◆ YOUR ASSIGNMENT ◆
Every line below from the one with "Мужская пижама с" through the one with "Expertly tailored Slip-cover" is to be repeated exactly, with no picture among them.

◆ RECORDED DATA ◆
==============================
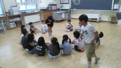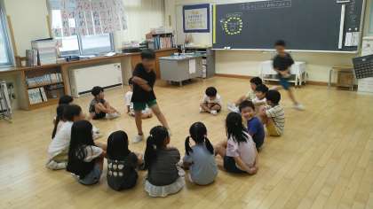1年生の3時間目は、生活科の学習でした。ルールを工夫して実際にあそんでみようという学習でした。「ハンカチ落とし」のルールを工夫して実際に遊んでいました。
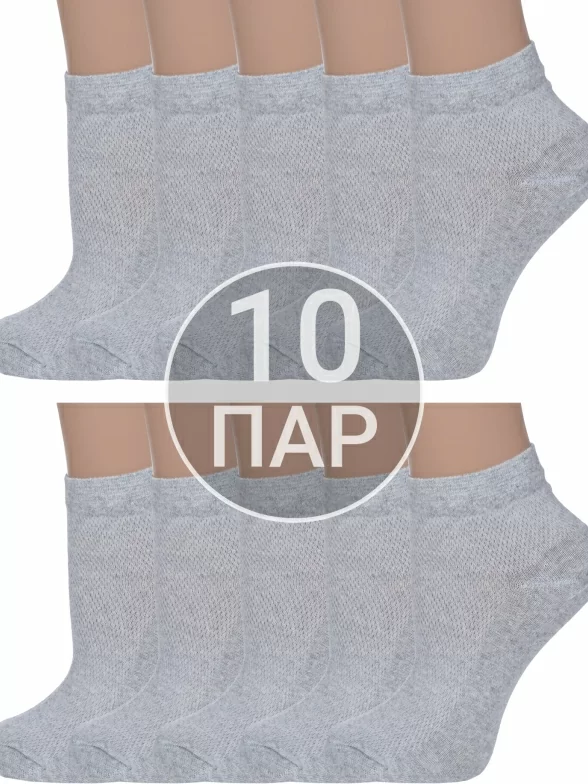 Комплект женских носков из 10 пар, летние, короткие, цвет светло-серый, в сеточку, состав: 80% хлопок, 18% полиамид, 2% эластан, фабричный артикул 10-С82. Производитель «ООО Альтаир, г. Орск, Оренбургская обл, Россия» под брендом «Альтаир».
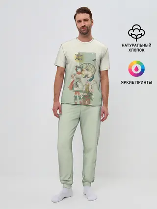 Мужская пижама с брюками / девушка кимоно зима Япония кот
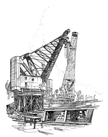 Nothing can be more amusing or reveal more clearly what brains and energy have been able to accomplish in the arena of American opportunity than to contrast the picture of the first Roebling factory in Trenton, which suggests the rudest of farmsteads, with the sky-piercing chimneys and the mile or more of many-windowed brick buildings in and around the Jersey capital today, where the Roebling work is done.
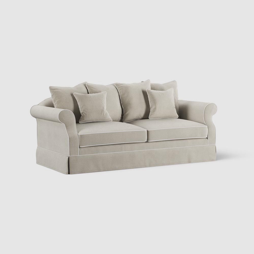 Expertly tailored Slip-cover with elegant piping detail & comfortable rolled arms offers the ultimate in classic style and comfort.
==============================
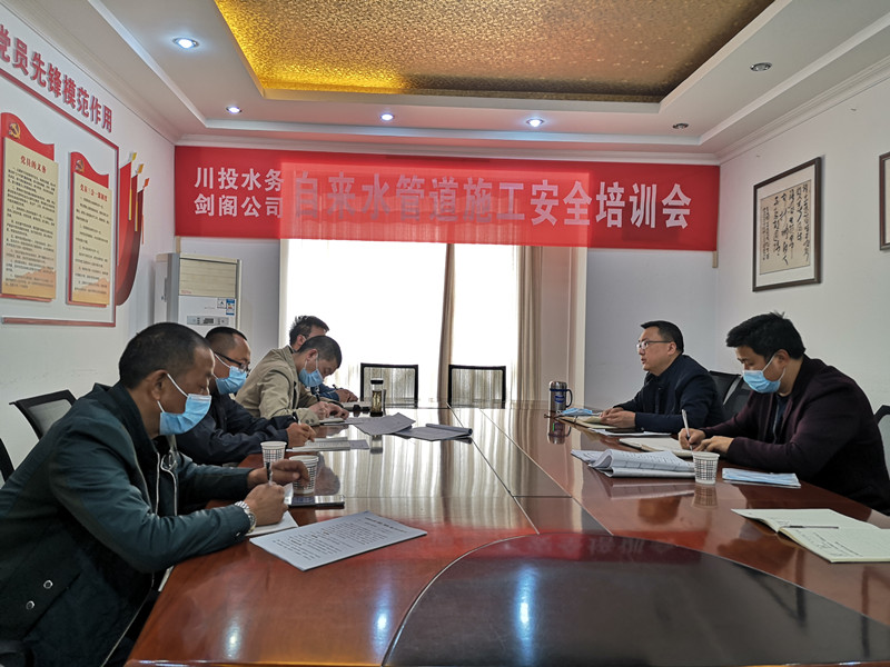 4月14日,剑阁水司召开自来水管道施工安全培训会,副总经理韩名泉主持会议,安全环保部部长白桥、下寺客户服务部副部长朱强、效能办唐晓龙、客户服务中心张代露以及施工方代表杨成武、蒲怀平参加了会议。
==============================
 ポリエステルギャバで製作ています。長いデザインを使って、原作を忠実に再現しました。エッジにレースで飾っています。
==============================
◆ SOLUTION TO THE EXERCISE ◆
 Мужская пижама с брюками / девушка кимоно зима Япония кот
 Nothing can be more amusing or reveal more clearly what brains and energy have been able to accomplish in the arena of American opportunity than to contrast the picture of the first Roebling factory in Trenton, which suggests the rudest of farmsteads, with the sky-piercing chimneys and the mile or more of many-windowed brick buildings in and around the Jersey capital today, where the Roebling work is done.
 Expertly tailored Slip-cover with elegant piping detail & comfortable rolled arms offers the ultimate in classic style and comfort.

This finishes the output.